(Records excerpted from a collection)

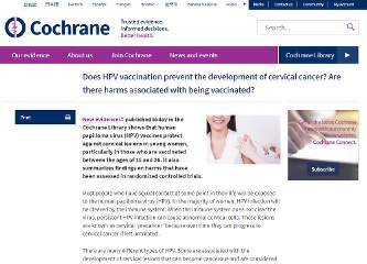 医学論文を総合的に評価する民間非営利組織コクラン(本部・英国)は9日、子宮頸(けい)がんなどを予防するHPV(ヒトパピローマウイルス)ワクチンの有効性と安全性に関する評価結果を公表した。過去8年間に発表された日本や他国の26件の比較試験を評価した結果、同ワクチンによる子宮頸がんの前段階の予防効果に高い確実性が確認された一方、副反応は非接種群と同程度で「同ワクチンが深刻な副反応を起こすとの証拠は見られなかった」としている。
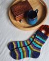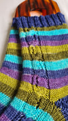 Knit during a bout of Covid, these toe-up self-stripe socks are the perfect combination of entertainment and relaxation. A self stripe yarn for variety and an easy to memorise cable up one side to add interest.
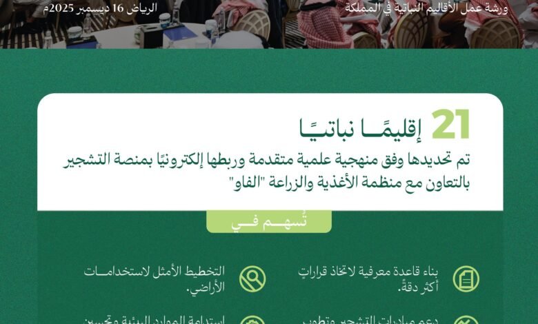 “البرنامج الوطني للتشجير”: تحديد 21 إقليمًا نباتيًا وربطها بمنصة التشجير لرسم ملامح مستقبل المملكة البيئي وإبراز تنوعها الطبيعي
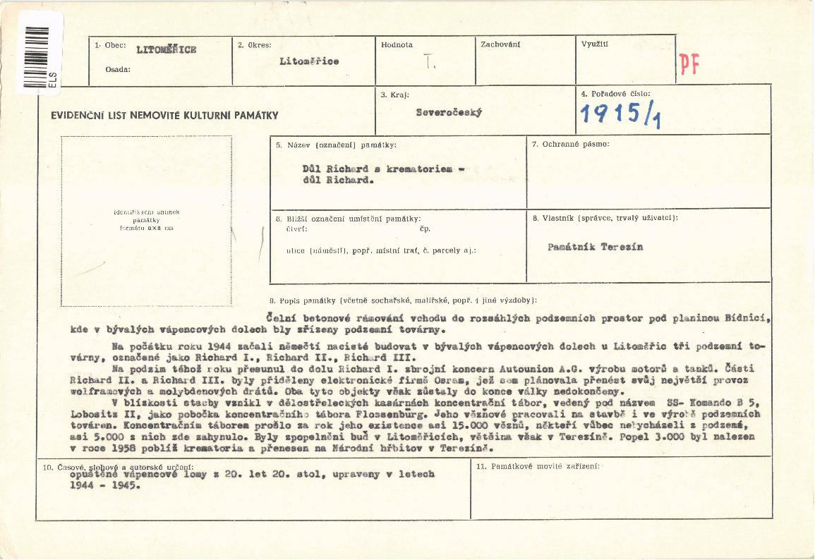 | Přír. bod: 80801 | Název objektu: bývalý důl Richard | Část obce: Předměstí | Č. dom.: | Ulice: | Č. or.: | Kat. území: Litoměřice | Obec: Litoměřice | ORP: Litoměřice | Okres: Litoměřice |
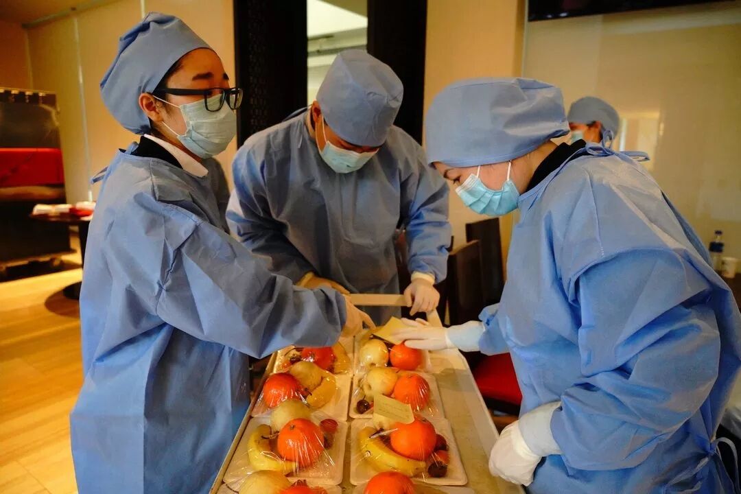 疫情发生之前,王欢和她的同学们在各自的岗位上认真工作实习;疫情严重时,他们自觉遵守国家、学校与酒店的相关规定在宿舍进行隔离与休假;疫情趋缓时,他们又陪同援鄂返沪医疗队度过了一段难忘的时光,受益匪浅。据王欢介绍,他们的工作主要是每天为援鄂返沪医护人员送餐四次:上午七点的早餐,九点半的水果,十一点半的午餐,下午五点半的晚餐。每次送餐都要穿厚重隔离服,戴头套、口罩、手套和脚套,推着手推车,把食物放进保温箱,然后送到医护人员的房间门口。就这样,四位实习学生与酒店工作人员一道和这群凯旋的“白衣天使”们朝夕相处了一个多月。叶俊和周杨说:“我们在为医疗队提供食物时严格做好了个人防护和消毒工作,没有一丝懈怠。而且为他们提供食物时我们很用心也很自豪。”周安全说:“有医生过生日时,我们会给他们做蛋糕、准备惊喜,在收到他们的感谢信时也会感到感动和骄傲。”
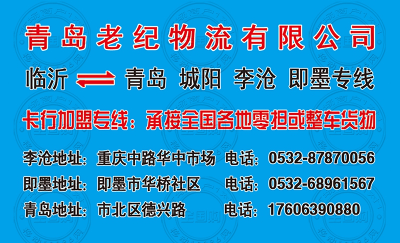 青岛老纪物流有限公司名片-18553282539
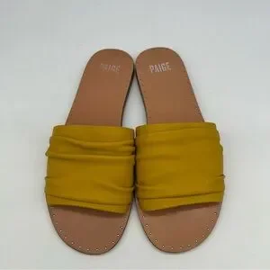 PAIGE Emilia Leather Slide Sandals Mustard Yellow Ruched Band Womens 8.5 US
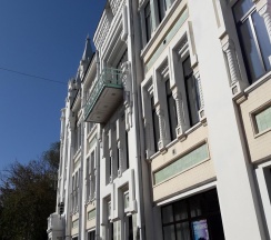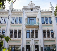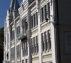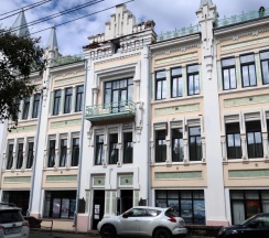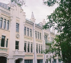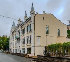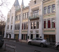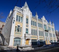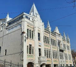 Прямоугольное в плане, трехэтажное, со стенами из кирпича и облицовкой отдельных деталей фасада глазурованной плиткой. В пластической разработке фасадов использованы мотивы и архитектурные детали поздней готики и модерна. Стены расчленены по вертикалям пилястрами, прорезающими карниз и заканчивающимися декоративными пинаклями с шатровыми крышами. Узкие окна-бойницы второго и третьего этажей разделены полуколоннами и объединены общим сандриком. Вход в здание смещен асимметрично к его западному торцу и акцентирован готическим ступенчатым полуфронтоном с четырехгранной шатровой крышей над ним.
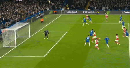 第45分钟,赖斯带球从容突破,禁区前沿倒三角回敲,马丁内利跟上打门,桑切斯飞身将球扑出,切尔西逃过一劫。
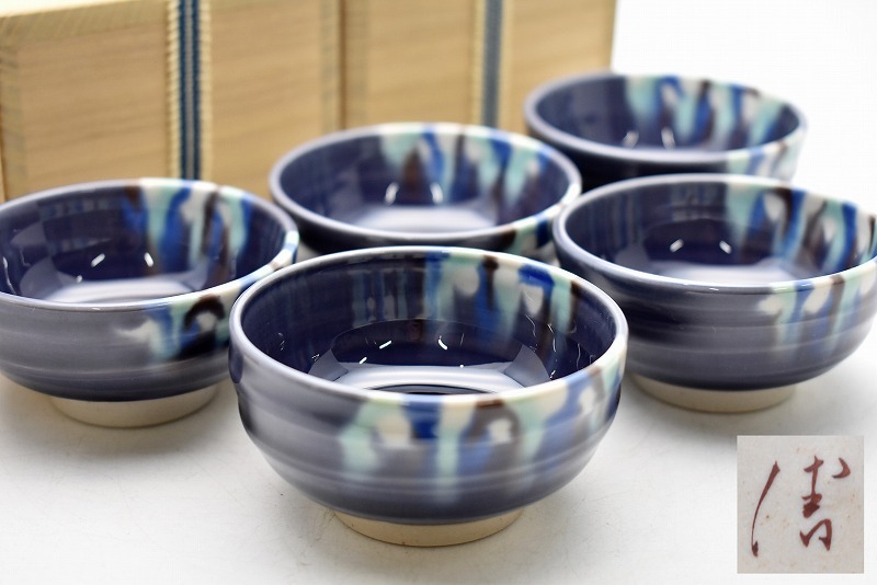 未使用品5客 共箱あり。酒器 酒盃 九谷焼買取
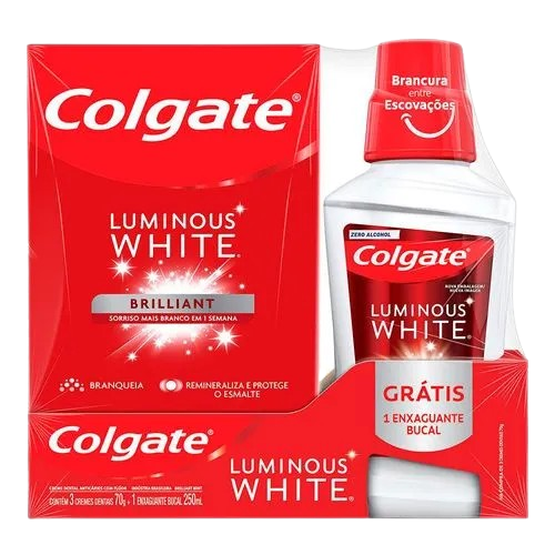 3 cremes dentais (70 g cada) da linha “Luminous White” + 1 enxaguante bucal — ideal para quem quer manter os dentes limpos, hálito fresco.

## Assignment
Nothing is needed beyond an exact transcription of the lines from the one containing "PAIGE Emilia Leather" to the end of the entries above, with the pictures omitted.

## Solution for this problem
 PAIGE Emilia Leather Slide Sandals Mustard Yellow Ruched Band Womens 8.5 US
 Прямоугольное в плане, трехэтажное, со стенами из кирпича и облицовкой отдельных деталей фасада глазурованной плиткой. В пластической разработке фасадов использованы мотивы и архитектурные детали поздней готики и модерна. Стены расчленены по вертикалям пилястрами, прорезающими карниз и заканчивающимися декоративными пинаклями с шатровыми крышами. Узкие окна-бойницы второго и третьего этажей разделены полуколоннами и объединены общим сандриком. Вход в здание смещен асимметрично к его западному торцу и акцентирован готическим ступенчатым полуфронтоном с четырехгранной шатровой крышей над ним.
 第45分钟,赖斯带球从容突破,禁区前沿倒三角回敲,马丁内利跟上打门,桑切斯飞身将球扑出,切尔西逃过一劫。
 未使用品5客 共箱あり。酒器 酒盃 九谷焼買取
 3 cremes dentais (70 g cada) da linha “Luminous White” + 1 enxaguante bucal — ideal para quem quer manter os dentes limpos, hálito fresco.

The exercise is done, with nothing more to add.